At least 83 health workers contract COVID-19 in Ghana
No less than 83 health workers in Ghana have been infected with the dreaded coronavirus, with one death that shocked the medical fraternity.
Healthcare professionals, especially doctors and nurses, in Greater Accra, Eastern, Central, Western, Ashanti and Upper East regions have contracted the deadly COVID-19.
Greater Accra, Ashanti, Central and Eastern regions are the country’s hot spots for the disease, recording more than 5,000 cases.
The most recent of the reported cases among healthcare professionals was on Friday, when the Deputy Director of Health in the Eastern Region, Dr Albert Antobre-Boateng, confirmed that15 health workers in the region were undergoing treatment for the disease.
He told Accra-based Citi FM, “We are ensuring that all health workers irrespective of your category or whatever you’re doing, once in the boundaries of the facility you will be in a face mask.”
With the Eastern Region recording 106 cases as of Saturday, May 23, it implies 14% of the total infections are health workers.
This came after reports of 13 health officials tested positive at Moree in the Central Region. The healthcare providers were attending to fishermen who had returned to Ghana from fishing expeditions to neighbouring Cote d’Ivoire and other West African countries along the Atlantic Ocean.
Accra-based Joy FM reported on Friday, May 22 that five out of the 13 have been admitted to treatment centres, while the rest were advised to self-isolate, including the driver who transported the officials.
The fishermen are undergoing mandatory 14-day quarantine, but some have tested positive for the coronavirus, even though asymptomatic.
The District Director of Health Services at Abura-Asebu-Kwamankese, Dr Gifty Ankrah, said losing health officials to COVID-19 was a major blow.
However, she said they were strategising to manage the situation as cases continue to soar across the country.
The region has recorded 297 cases, which make the health workers 4.3% of the lot.
Along with the spread is the report of 20 health workers contracting the infection at the Effia Nkwanta Regional Hospital in the Western Region.
On May 14, 2020, the three units of the facility, including the Antenatal Care Unit, the Ear Nose and Throat (ENT) Department and another unit, were shut for disinfection exercises to prevent further spread.
The Medical Director of the hospital, Dr Joseph Kojo Tambil, emphasised that it was imminent for such measures to be implemented due to the infectious nature of the pathogen.
“Currently, we are disinfecting those two units and every surface, floor and ceiling to make sure that we minimise the risk of anybody coming into contact with any droplets,” he explained.
Elsewhere, the Ashanti Regional Health Director, Dr Emmanuel Tenkorang, revealed at a news conference on Wednesday, April 20, that 30 doctors and nurses have tested positive for the contagion.
The figure represents approximately 3% of the total 1,010 recorded cases.
Prior to this, Chief Executive Officer (CEO) of the Korle Bu Teaching Hospital, Dr Daniel Asare, confirmed in an interview with Accra-based Asempa FM on April 3 that a nurse was down with coronavirus.
It emerged that she worked at the Medical Ward of the Korle Bu Teaching Hospital (KBTH).
In March, Dr Gillian Bougee, a paediatrician in charge of the Neonatal Intensive Care Unit of the Bolgatanga Regional Hospital, contracted the virus after coming into contact with a patient.
At the time, the status of the patient was not known, but she was confirmed to be positive at a later date.
The doctor had to be airlifted and transferred to the Korle Bu Teaching Hospital where she was treated and recovered fully after weeks in the intensive care unit.
In the same month, there was one case of a medical doctor at the Ledzokuku Municipal Hospital (LEKMA Hospital) in Teshie and another which involved a specialist Anaesthetist at the Greater Accra Regional Hospital.
Perhaps, the biggest blow was the death of the Rector of the College of Physicians and Surgeons, Professor Jacob Plange-Rhule.
He died on Friday, April 10, at the University of Ghana Medical Centre (UGMC), where he was receiving treatment.

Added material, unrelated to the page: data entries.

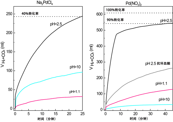 兩種不同的Pd前驅(qū)體在不同浸漬pH下制備的活性炭催化劑在60℃時(shí)產(chǎn)生的重整氣體(H2+CO2)的體積隨時(shí)間的變化曲線圖在圖2顯示。由于甲酸鈉添加劑對(duì)甲酸脫氫的促進(jìn)作用,催化測試在存在的情況下進(jìn)行]。所有制備的樣品都顯示出研究反應(yīng)的活性。正如在當(dāng)前測試條件下所預(yù)期的,曲線的形狀遵循甲酸中的一級(jí)動(dòng)力學(xué)。為了更好地理解析氫曲線,我們測量了不同階段的反應(yīng)pH值:分散催化劑和甲酸鈉在60℃攪拌30分鐘后,注入甲酸后,當(dāng)反應(yīng)開始時(shí)和使用Na2PdCl4制備的催化劑系列反應(yīng)25分鐘后和Pd(NO3)2系列反應(yīng)40分鐘后,根據(jù)圖7所示的曲線。表明在所有樣品的反應(yīng)過程中,甲酸+甲酸鈉緩沖液的初始pH值保持不變,除了使用Pd(NO3)2制備的樣品,在pH值2.5下浸漬并用銻還原。對(duì)于該樣品,反應(yīng)40分鐘后的pH值為8.2,表明緩沖條件的喪失和甲酸的總消耗量與實(shí)現(xiàn)的90%甲酸轉(zhuǎn)化率一致。對(duì)于該系列的其余部分,pH測量值表明甲酸并未完全消耗,這與實(shí)現(xiàn)的轉(zhuǎn)化率一致。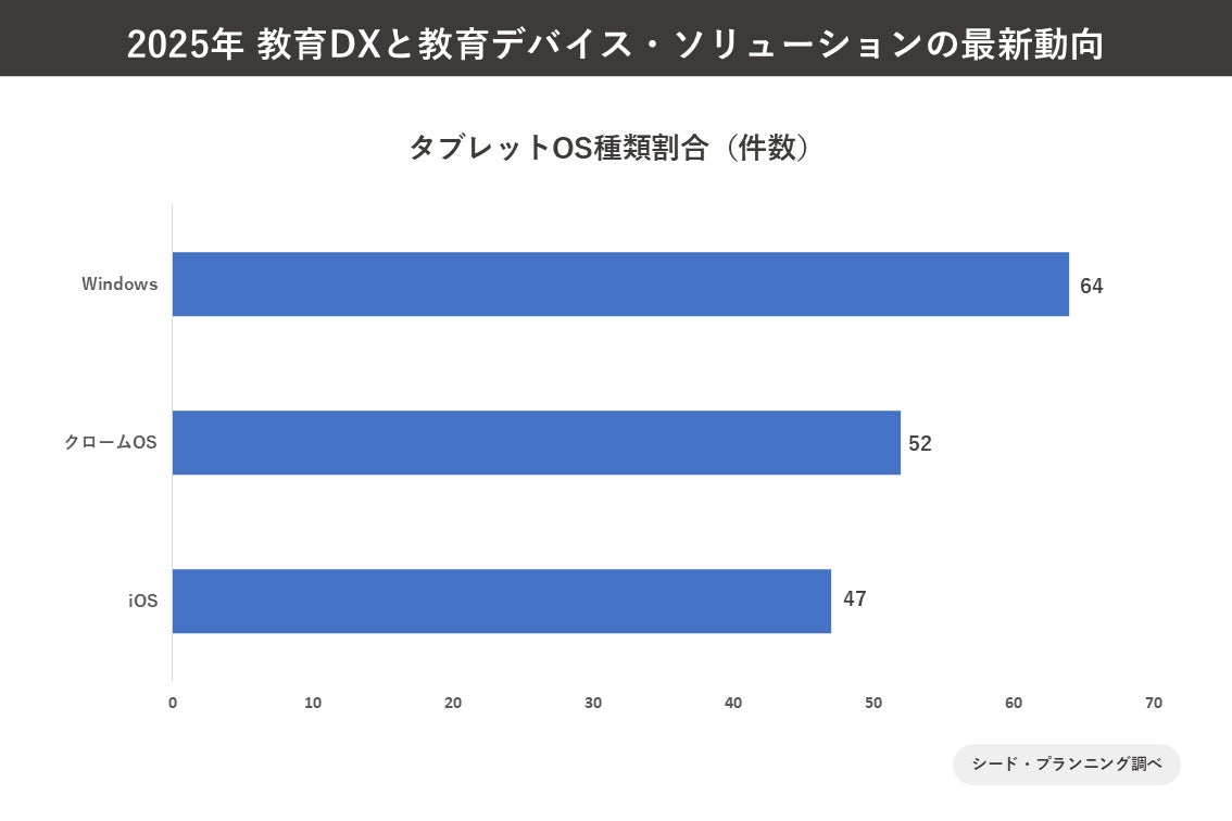 全国の教育委員会では、複数導入も見られるものの、Windowsが64件、クロームOSが52件、iOSが47件という結果となりました。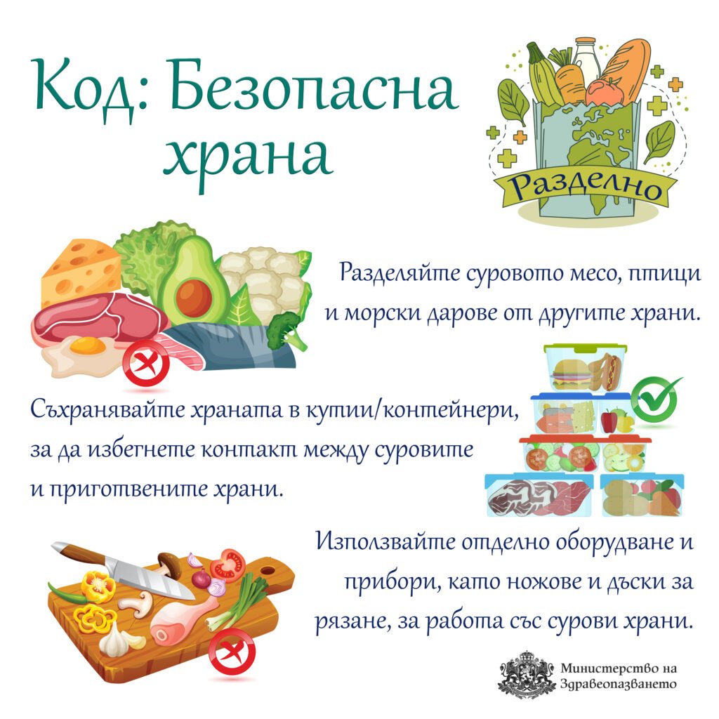 - Не смесвайте сурова и сготвена храна. Суровата храна, особено месото, птиците и морските дарове, както и техните сокове, могат да съдържат опасни микроорганизми, които могат да бъдат пренесени върху други храни по време на приготвянето и съхранението на храната.

The former President of the Ghana Medical Association became the first doctor to be killed in relation to coronavirus.
It appears that even though the Greater Accra Region has 4,699 total cases, the percentage of infected health workers is less than the Western and Ashanti regions.
The infection among Ghanaian healthcare professionals are a fraction of healthcare professional globally contracting the disease, as challenges with personal protective equipment, and momentarily slip in adherence to safety protocols get doctors and nurses, particularly infected.
While more than 100 doctors and nurses reportedly contracted the disease in the United Kingdom, the US Centre for Disease Control reported in April that more than 9,000 American healthcare professionals were infected.
The International Council of Nurses ICN, an international organisation of nurses and medical personnel, has also released tragic statistics stating that a total of 90,000 medical volunteers worldwide have been infected with the coronavirus. Sixty nurses lost their lives.